Assess the stability for configurations of feature types and sizes — assess_feature

Evaluate the stability of clusterings obtained based on incremental subsets of a given feature set.

Usage

assess_feature_stability(
  data_matrix,
  feature_set,
  steps,
  feature_type,
  resolution,
  n_repetitions = 100,
  seed_sequence = NULL,
  graph_reduction_type = "PCA",
  ecs_thresh = 1,
  matrix_processing = function(dt_mtx, actual_npcs = 30, ...) {
     actual_npcs <-
    min(actual_npcs, ncol(dt_mtx)%/%2)
    
    RhpcBLASctl::blas_set_num_threads(foreach::getDoParWorkers())
     embedding <-
stats::prcomp(x = dt_mtx, rank. = actual_npcs)$x
    
    RhpcBLASctl::blas_set_num_threads(1)
rownames(embedding) <- rownames(dt_mtx)
   
colnames(embedding) <- paste0("PC_", seq_len(ncol(embedding)))
    
    return(embedding)
 },
  umap_arguments = list(),
  prune_value = -1,
  clustering_algorithm = 1,
  clustering_arguments = list(),
  verbose = FALSE
)

Arguments

data_matrix: A data matrix having the features on the rows and the observations on the columns.
feature_set: A set of feature names that can be found on the rownames of the data matrix.
steps: Vector containing the sizes of the subsets; negative values will be interpreted as using all features.
feature_type: A name associated to the feature_set.
resolution: A vector containing the resolution values used for clustering.
n_repetitions: The number of repetitions of applying the pipeline with different seeds; ignored if seed_sequence is provided by the user.
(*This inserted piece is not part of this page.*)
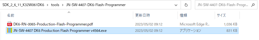 ダウンロードした SDK_2_6_11_K32W061DK6\tools\JN-SW-4407-DK6-Flash-Programmer にインストーラーとドキュメントが用意されています。
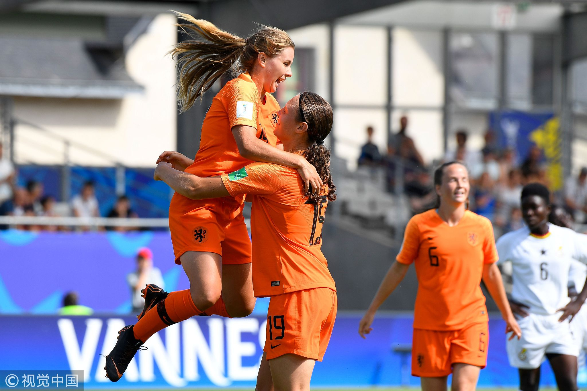 Netherlands' forward Fenna Kalma (C) is congratulated by midfielder Victoria Pelova after scoring a goal during the match between Netherlands and Ghana on August 8, 2018./VCG Photo

Defaults to 100.
seed_sequence: A custom seed sequence; if the value is NULL, the sequence will be built starting from 1 with a step of 100. Defaults to NULL.
graph_reduction_type: The graph reduction type, denoting if the graph should be built on either the PCA or the UMAP embedding. Defaults to PCA.
ecs_thresh: The ECS threshold used for merging similar clusterings. We recommend using the 1 value. Defaults to 1.
matrix_processing: A function that will be used to process the data matrix by using a dimensionality reduction technique. The function should have one parameter, the data matrix, and should return an embedding describing the reduced space. By default, the function will use the precise PCA method with prcomp.
umap_arguments: A list containing the arguments that will be passed to the UMAP function. Refer to the uwot::umap function for more details.
prune_value: Argument indicating whether to prune the SNN graph. If the value is 0, the graph won't be pruned. If the value is between 0 and 1, the edges with weight under the pruning value will be removed. If the value is -1, the highest pruning value will be calculated automatically and used.
clustering_algorithm: An index indicating which community detection algorithm will be used: Louvain (1), Louvain refined (2), SLM (3) or Leiden (4). More details can be found in the Seurat's FindClusters function.
clustering_arguments: A list containing the arguments that will be passed to the community detection algorithm, such as the number of iterations and the number of starts. Refer to the Seurat's FindClusters function for more details.
verbose: A boolean indicating if the intermediate progress will be printed or not.

Value

A list having one field associated with a step value. Each step contains a list with three fields:

ecc - the EC-Consistency of the partitions obtained on all repetitions
embedding - one UMAP embedding generated on the feature subset
most_frequent_partition - the most common partition obtained across repetitions

Note

The algorithm assumes that the feature_set is already sorted when performing the subsetting based on the steps values. For example, if the user wants to analyze highly variable feature set, they should provide them sorted by their variability.

Examples

set.seed(2024)
# create an artificial expression matrix
expr_matrix <- matrix(
    c(runif(100 * 10), runif(100 * 10, min = 3, max = 4)),
    nrow = 200, byrow = TRUE
)
rownames(expr_matrix) <- as.character(1:200)
colnames(expr_matrix) <- paste("feature", 1:10)

feature_stability_result <- assess_feature_stability(
    data_matrix = t(expr_matrix),
    feature_set = colnames(expr_matrix),
    steps = 5,
    feature_type = "feature_name",
    resolution = c(0.1, 0.5, 1),
    n_repetitions = 10,
    umap_arguments = list(
        # the following parameters are used by the umap function
        # and are not mandatory
        n_neighbors = 3,
        approx_pow = TRUE,
        n_epochs = 0,
        init = "random",
        min_dist = 0.3
    ),
    clustering_algorithm = 1
)
plot_feature_overall_stability_boxplot(feature_stability_result)